# `DocTable` Baisc Overview

A `DocTable` instance is a reference to a single database table, and can be used to [insert, delete](examples/doctable_insert_delete.html), [select](examples/doctable_select.html), or [update](examples/doctable_update.html) the rows of that table. The table schema is typically created by providing a [`dataclass`](https://realpython.com/python-data-classes/) which inherits from `DocTableSchema` that would represent a row, and the dataclass can be used to insert or update rows into the table. See the [full documentation](https://devincornell.github.io/doctable/ref/doctable.DocTable.html) for a full list of class methods.

In [1]:
import random
random.seed(0)
import pandas as pd
import numpy as np
from dataclasses import dataclass

import sys
sys.path.append('..')
import doctable

## Schema Definitions
First we create a schema definiton and use it to instantiate the DocTable. By default, the DocTable will connect to an in-memory database, so the examples here will not rely on a filesystem database. Printing the object will show the table name as well as the number of rows in the table.

In [2]:
@dataclass
class Record(doctable.DocTableSchema):
    id: int = doctable.IDCol()
    name: str = doctable.Col(nullable=False)
    age: int = None
    is_old: bool = None

db = doctable.DocTable(target=':memory:', schema=Record)
print(db)

<DocTable (4 cols)::sqlite:///:memory::_documents_>


Access table columns as objects by subscripting the doctable directly.

In [3]:
db['id']

Column('id', Integer(), table=<_documents_>, primary_key=True, nullable=False)

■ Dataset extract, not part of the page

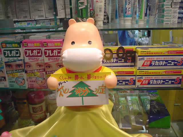 カバ 大阪市内 京橋のあたりの薬局。マスコットのカバ君、マスクをして重装備です。人形劇の舞台のような雰囲気でかわいいのですが花粉症が何かに効くみたいな書き込みが気になります。

As we'll show later, these column objects also have some operators defined such that they can be used to construct complex queries and functions.

In [4]:
db['id'] > 3

<sqlalchemy.sql.elements.BinaryExpression object at 0x7fb969fbf5e0>

## Inserting Rows
We use the `.insert()` method to insert a row passed as a dictionary of column name -> value entries.

In [5]:
for i in range(5):
    age = random.random() # number in [0,1]
    is_old = age > 0.5
    #row = {'name':'user_'+str(i), 'age':age, 'is_old':is_old}
    record = Record(name='user_'+str(i), age=age, is_old=is_old)
    db.insert(record)
print(db)

<DocTable (4 cols)::sqlite:///:memory::_documents_>


## Select Statements
Now we show how to select data from the table. Use the `.count()` method to check the number of rows. It also accepts some column conditionals to count entries that satisfy a given criteria

In [6]:
db.count(), db.count(db['is_old']==True)

(5, 3)

Use the `.select()` method with no arguments to retrieve all rows of the table. You can also choose to select one or more columns to select.

In [7]:
db.select()

[Record(id=1, name='user_0', age=0.8444218515250481, is_old=True),
 Record(id=2, name='user_1', age=0.7579544029403025, is_old=True),
 Record(id=3, name='user_2', age=0.420571580830845, is_old=False),
 Record(id=4, name='user_3', age=0.25891675029296335, is_old=False),
 Record(id=5, name='user_4', age=0.5112747213686085, is_old=True)]

In [8]:
db.select('name')

['user_0', 'user_1', 'user_2', 'user_3', 'user_4']

In [9]:
db.select(['id','name'])

[Record(id=1, name='user_0', age=None, is_old=None),
 Record(id=2, name='user_1', age=None, is_old=None),
 Record(id=3, name='user_2', age=None, is_old=None),
 Record(id=4, name='user_3', age=None, is_old=None),
 Record(id=5, name='user_4', age=None, is_old=None)]

In [10]:
db.select(db['age'].sum)

[2.7931393069577677]

The SUM() and COUNT() SQL functions have been mapped to `.sum` and `.count` attributes of columns.

In [12]:
db.select([db['age'].sum,db['age'].count], as_dataclass=False)

[(2.7931393069577677, 5)]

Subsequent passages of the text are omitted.